━━━━━ SUPPLIED MATERIAL

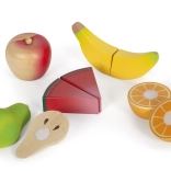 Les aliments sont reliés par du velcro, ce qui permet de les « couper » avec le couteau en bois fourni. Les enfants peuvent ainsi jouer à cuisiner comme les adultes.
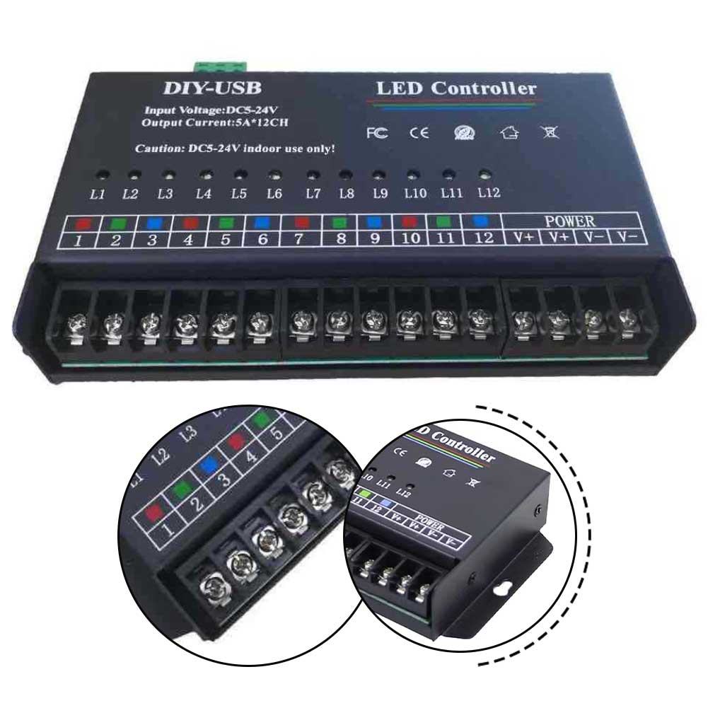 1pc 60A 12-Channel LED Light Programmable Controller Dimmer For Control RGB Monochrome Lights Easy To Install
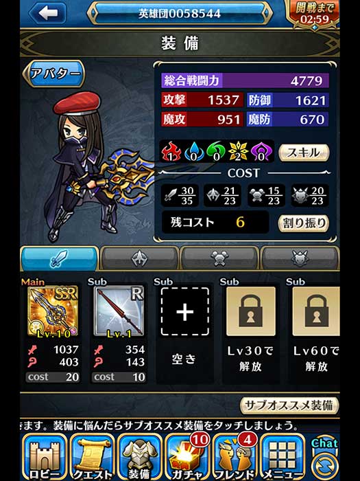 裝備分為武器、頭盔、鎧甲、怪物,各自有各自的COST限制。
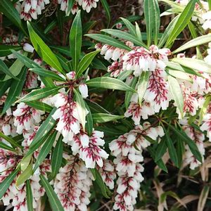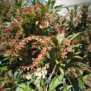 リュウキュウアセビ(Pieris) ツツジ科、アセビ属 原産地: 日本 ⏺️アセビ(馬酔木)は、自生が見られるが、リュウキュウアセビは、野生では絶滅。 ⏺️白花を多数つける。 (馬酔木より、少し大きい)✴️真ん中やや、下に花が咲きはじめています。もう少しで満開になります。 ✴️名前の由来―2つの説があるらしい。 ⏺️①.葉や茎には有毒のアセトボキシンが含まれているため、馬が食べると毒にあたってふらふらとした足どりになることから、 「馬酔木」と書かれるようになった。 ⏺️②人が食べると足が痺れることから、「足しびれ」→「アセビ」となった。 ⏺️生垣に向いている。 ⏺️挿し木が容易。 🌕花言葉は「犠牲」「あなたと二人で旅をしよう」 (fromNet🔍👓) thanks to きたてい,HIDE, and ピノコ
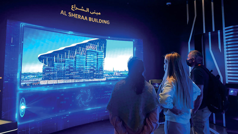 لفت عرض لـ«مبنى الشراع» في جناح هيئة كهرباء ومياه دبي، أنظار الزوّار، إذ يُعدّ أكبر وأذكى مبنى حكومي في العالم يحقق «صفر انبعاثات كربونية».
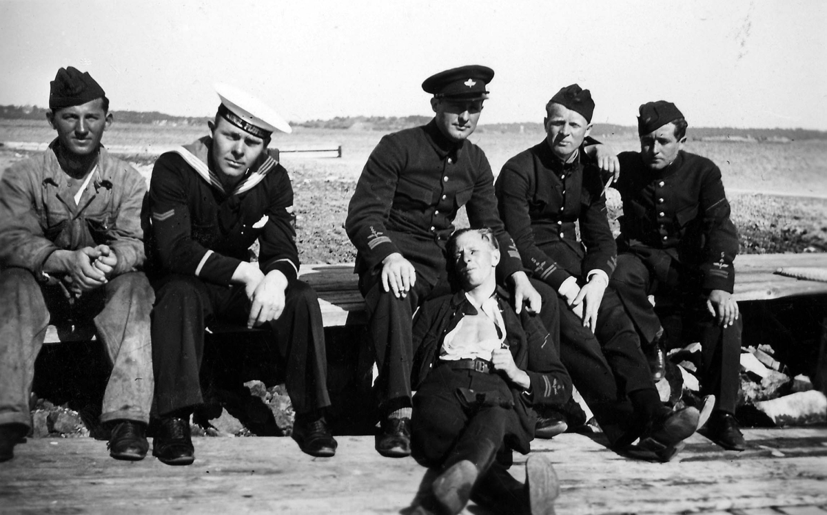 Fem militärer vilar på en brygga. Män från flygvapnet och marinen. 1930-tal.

━━━━━━━━━━
━━━━━ SUPPLIED MATERIAL

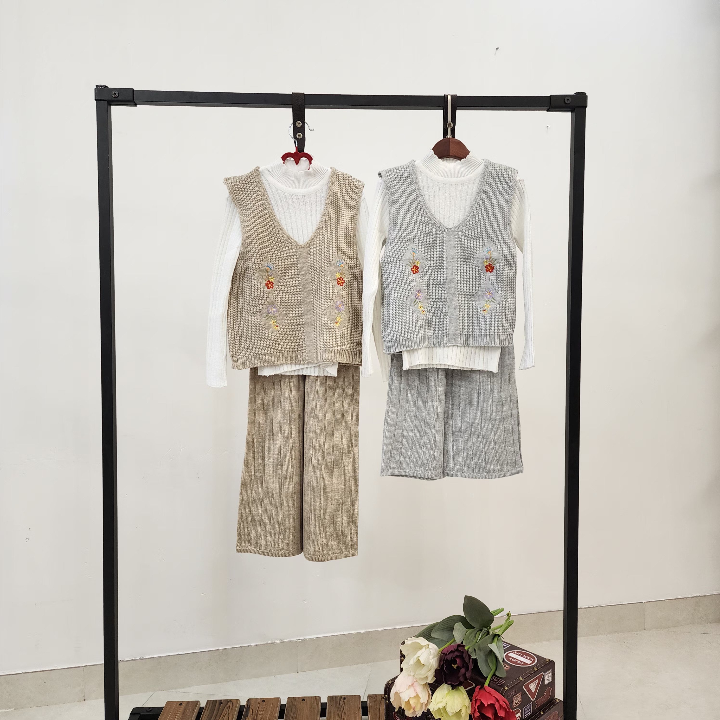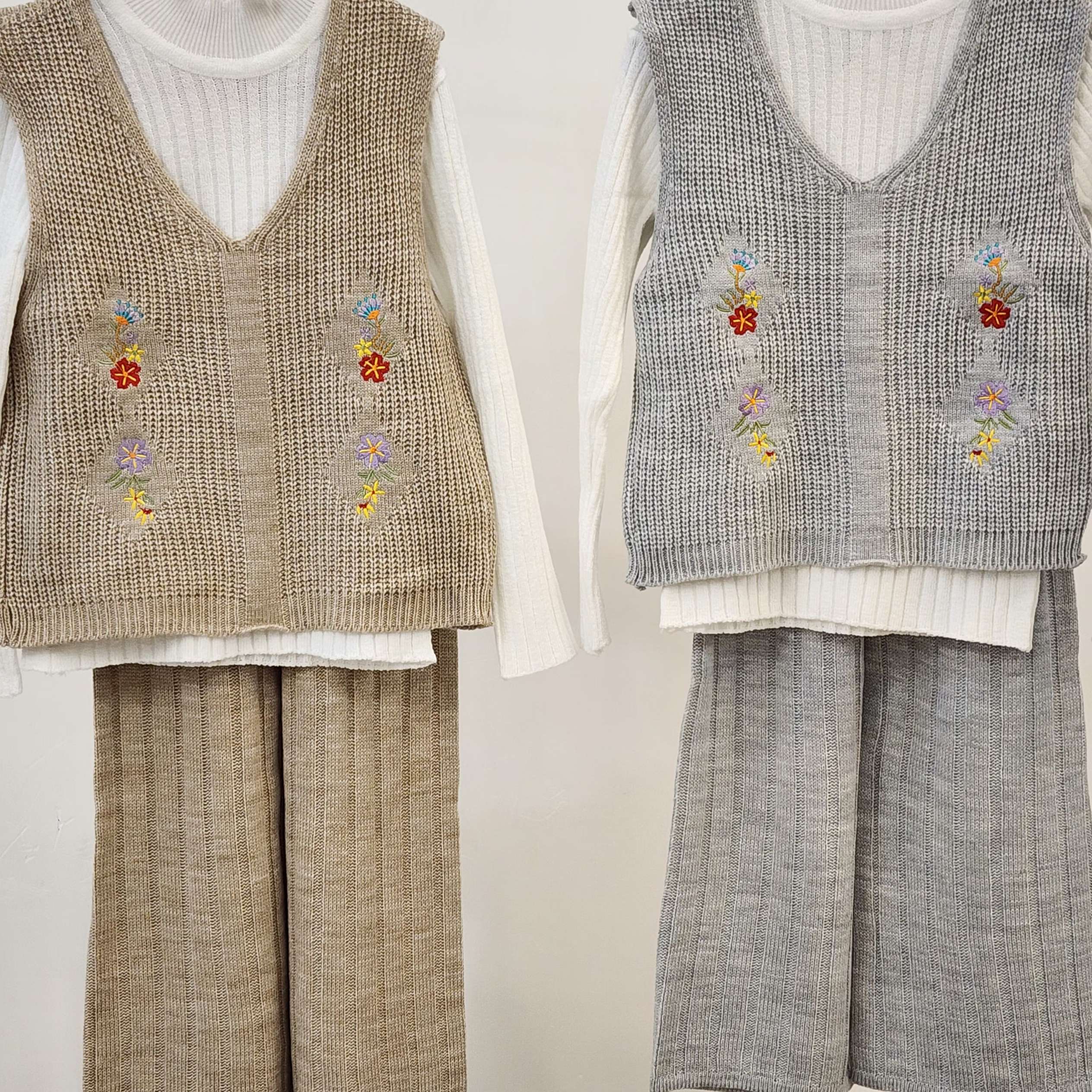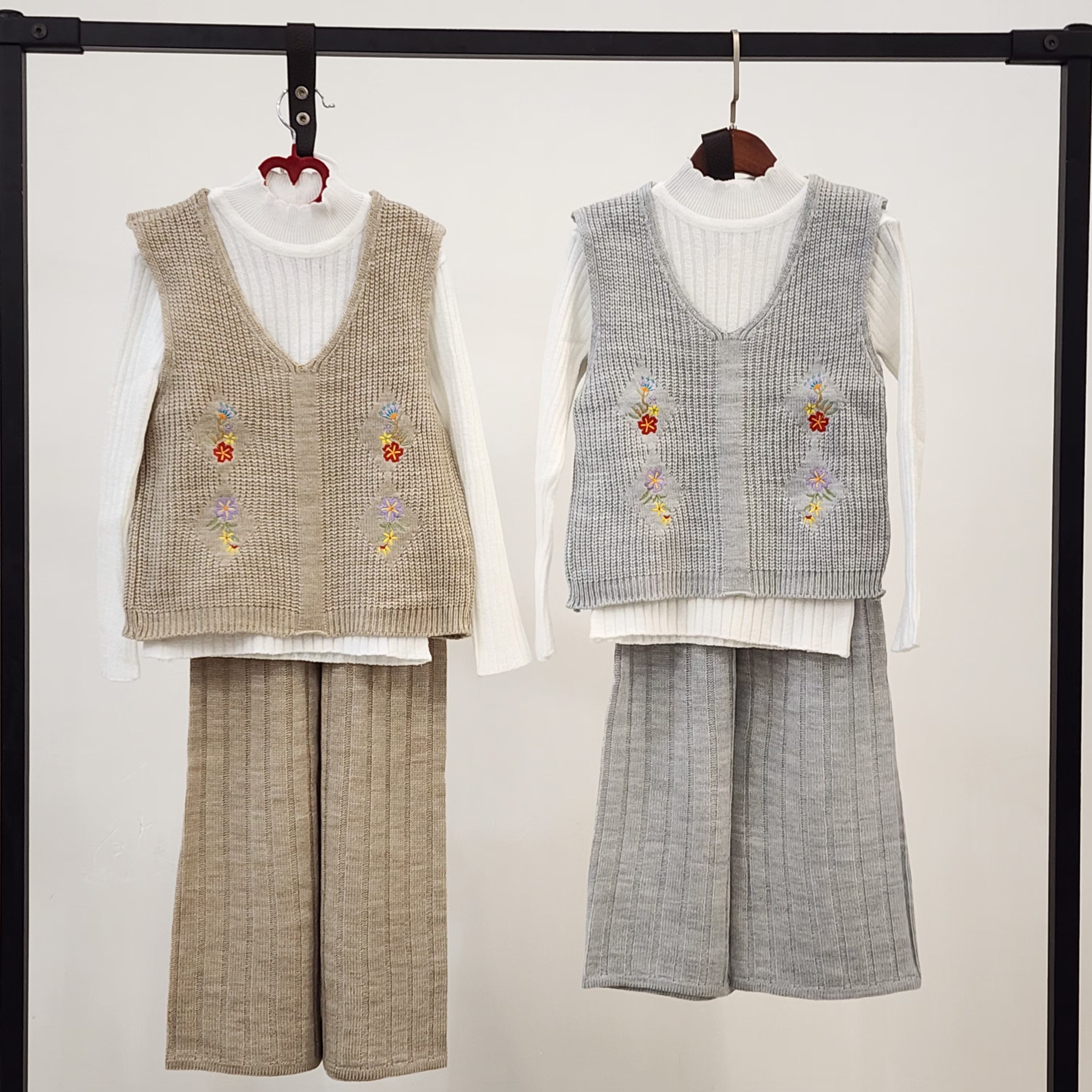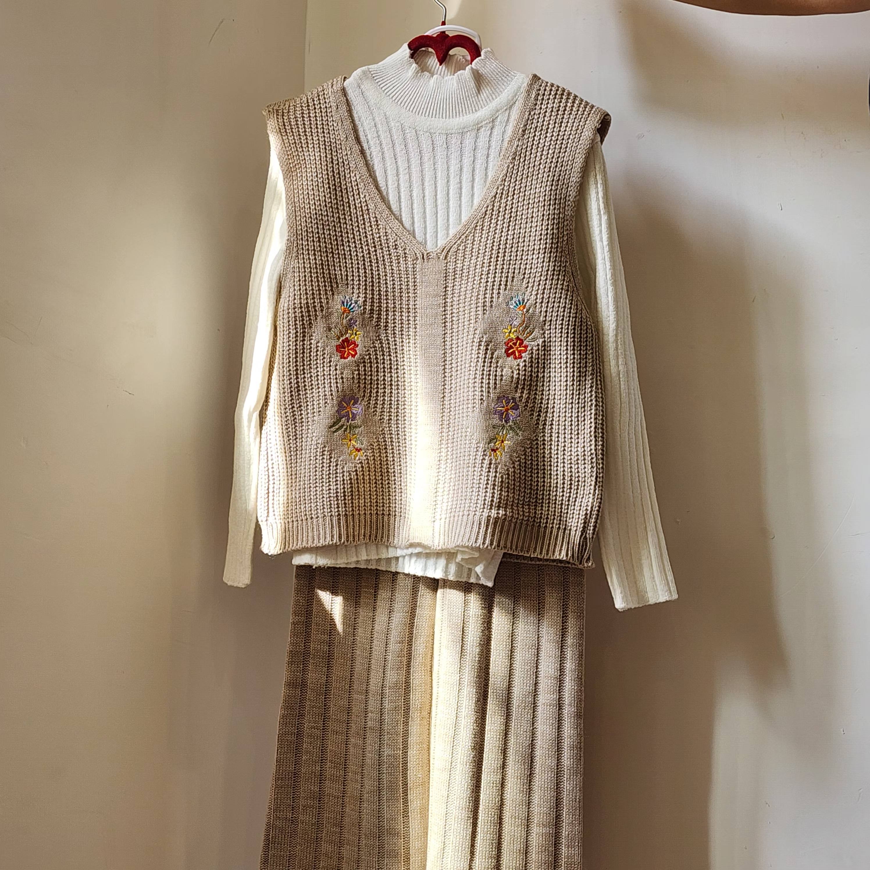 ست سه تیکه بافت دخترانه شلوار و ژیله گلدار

━━━━━━━━━━

Repeat exactly the lines above, from the line that contains "في جناح هيئة" down through the line that contains "Fem militärer vilar". Include both of those lines and none of the pictures.

 لفت عرض لـ«مبنى الشراع» في جناح هيئة كهرباء ومياه دبي، أنظار الزوّار، إذ يُعدّ أكبر وأذكى مبنى حكومي في العالم يحقق «صفر انبعاثات كربونية».
 Fem militärer vilar på en brygga. Män från flygvapnet och marinen. 1930-tal.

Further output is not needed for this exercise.